MLBazaar/BTB

Efficiently parallelize hyper parameter evaluation

sarin1991 opened this issue · 3 comments

  • BTB version: 0.2.4
  • Python version: 3.7.1
  • Operating System: Amazon Linux (4.14.88-88.76.amzn2.x86_64)

Description

I am trying to speed up hyper parameter tuning by parallelizing the training and scoring using an architecture as shown below:
image

The problem with the above approach is that sometimes btb proposes the same pipeline or similar hyper parameters to one being currently computed in the worker process. Is it possible to avoid this? Maybe one option would be to store the proposed parameters and ensure that the new ones proposed aren't close by?

csala commented

Hello @sarin1991

A similar error has been already reported in #105, so I'm adding the duplicate label here, as this will be resolved there.

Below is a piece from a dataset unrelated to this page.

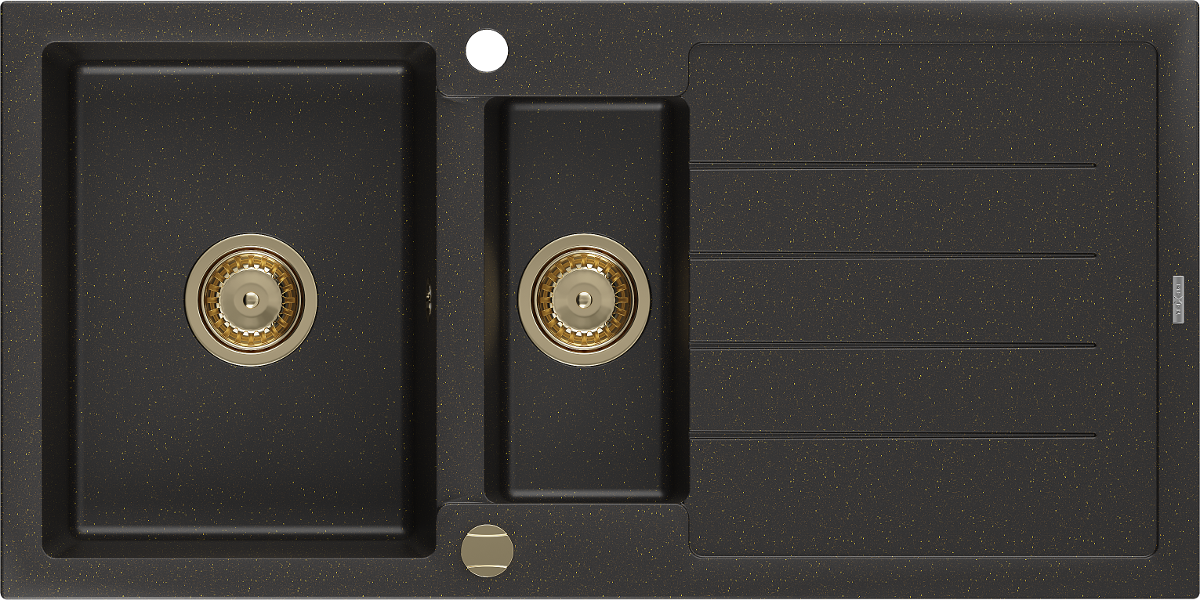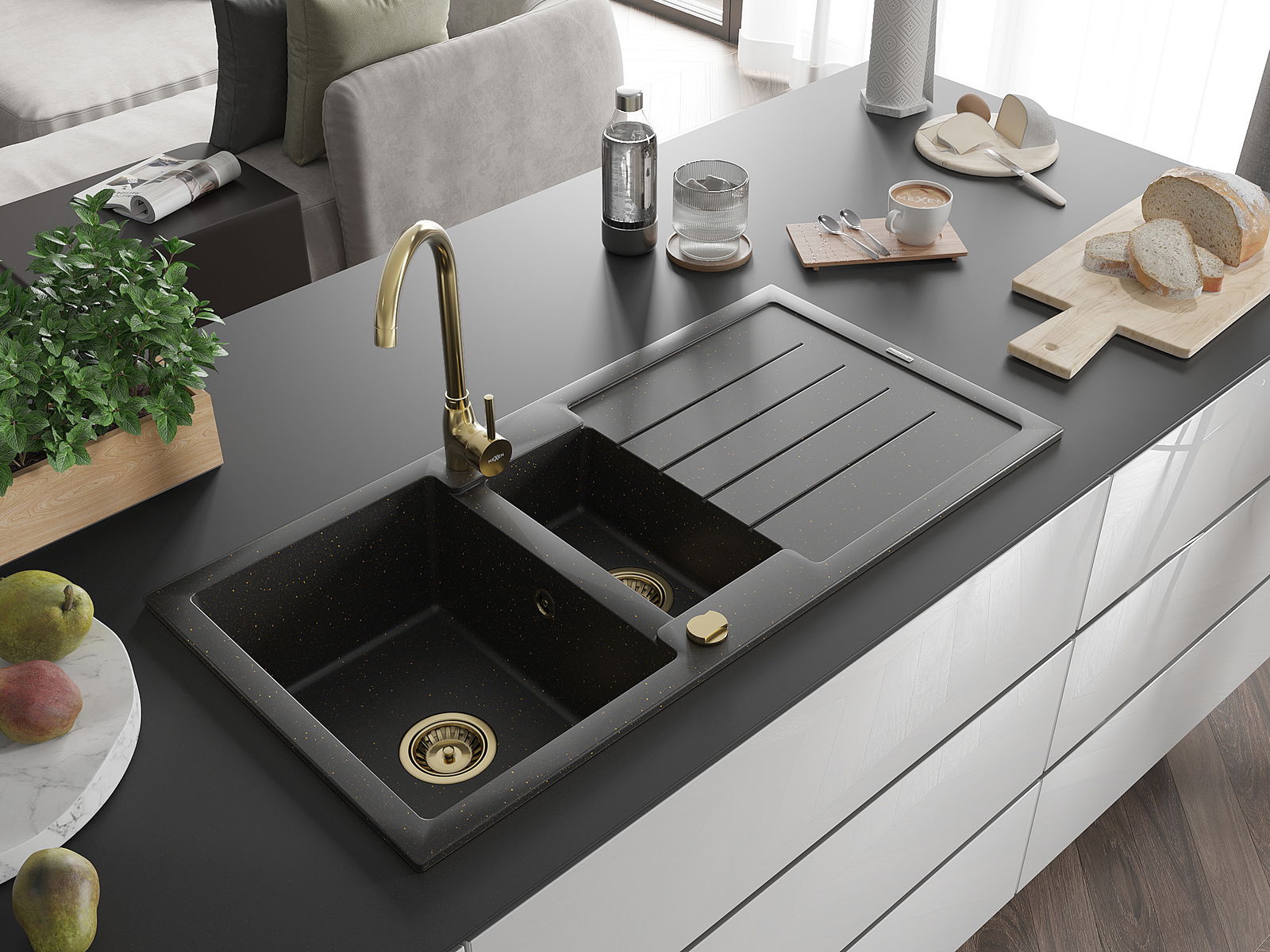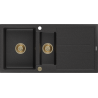 Mexen Andres 1,5 sekcijų granito kriauklė su nutekėjimu 1000 x 500 mm juoda/aukso metalo atspalvis, auksinis sifonas

However, I would like to warn you that some of what you report is an expected behavior:

On one side, getting hyperparameter proposals that are close to previous proposals is highly expected, especially around proposals that got a good score, as the tuner will tend to give priority to proposals that are in the regions that are known to be good.
If this is not the case and you are getting proposals that are close to previous ones that were very bad, it could be because the tuner does not have enough data yet to make a better selection.

On the other side, BTB should be expected to discard previous proposals that were already scored and added back to the tuner (this is what #105 will cover), but it should not discard previous proposals that are still running, as there is no way to know if they were successfully evaluated.

So, if you are running multiple workers in parallel and hit this problem, I would suggest that you keep track of the proposals that you are currently scoring and, if a duplicate shows up, discard it and ask the tuner again for a new proposal.

Hello @sarin1991

We have made a major reorganization to the project and a lot of improvements, refering to the issue #131

I have answered how the new Tuner proposes on the following comment: #105 (comment) .

However, if you are using multiprocess for calling multiple times the tuner, we can't ensure that the combinations will not match, because it will discard combinations that were recorded. This is why I would recommend you the following:

  • Work with batch proposals. Assuming that you have a cardinality of N, create N/16 or even smaller batches depending on how many workers you have and your N amount.
  • Make the workers read / evaluate the proposals from the batch.
  • Record the obtained scores inside the tuner.
  • Propose new batch .

We've closed this issue as your question about duplicate proposals has been resolved.

If you come up with an approach to parallelizing the evaluation of hyperparameter proposals that you think is flexible enough that others may find it useful, please do chime back in and we can see whether a PR would be in order!